I am new this forum. I'm Jinan and my family and I are Muslim. While we are not in any polygamy relationship, however, it's possible. My husband was raised in a polygamous situation. His father has just taken his 'third' wife. His father has 22 children and with his third wife now; more could be on the way.
My two mother in laws are thicker than blood. They do everything together. They even had children together. We call them the twins by another mother.They are exactly 14minutes apart in age.
Sometimes I feel he may take another wife. I know in Islaam that's his right to do, and at times I do feel lonely and wish for a sister to be there. His father and his wives live together and their children. They were not split up with one family here or there. They all lived on the property, and they had their main home and several additional homes on the property if they felt like they needed alone time from each other. Ironically, it's my father in law that uses the spaces more than my mother in laws.
I at times wish I could share a bond. However, anyway, I am just rambling away. I wish I could meet others. I am very tolerant and open minded. I am just hear to get some ideas since it's very possible my husband may take more than one in the future.
Hello Jinan :) I often feel the worse loneliness you can feel is the sort you have when you are actually in a relationship, you are expected to be totally fulfilled but it is quite a disappointment to realise that simply having a partner does not 'complete' you.

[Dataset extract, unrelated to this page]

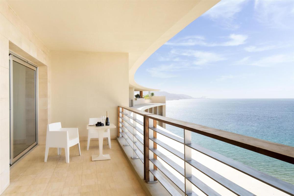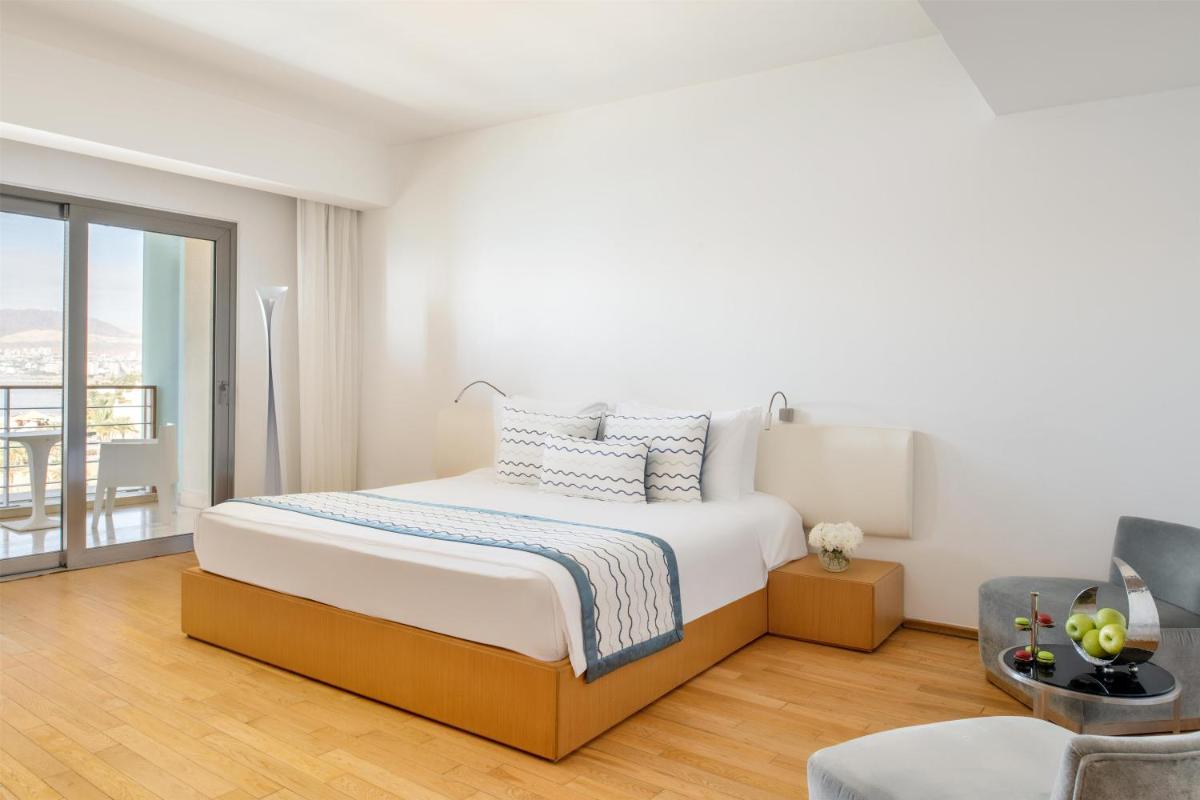Habitación con 1 cama extragrande y balcón privado con vistas al mar Rojo y al golfo de Áqaba. Habitación con aire acondicionado, TV de pantalla plana, escritorio y salón. También incluye artículos de aseo de lujo, zapatillas, albornoces, secador de pelo, minibar gratuito (refrescos y agua), conexión a internet por cable y WiFi gratuitas, set de té/café gratuito, prensa local gratuita y carta de almohadas.

Thanks for the welcome Natja. I believe that's everybody's fear, well at least with me. What if my husband marries somebody I don't like. What if we don't get along. What if she causes problems with our relationship.
I have many questions and not enough answers, so I am hoping to see how others view poly life and what is the best way to approach it.
Welcome to our forum.
Have you talked with your husband about the possibility of him taking another wife? Do you know what his feelings are about that?
There is a lot of good reading material here on this site, so hopefully some of that will help. Don't hesitate to post any thoughts or questions you may have.
Every family is different, and only you can know what's right for you and yours. Sure a second wife could turn out to be a problem person, but that's the nature of love; it is always a risk.
Glad you could join us, hope you enjoy your time here.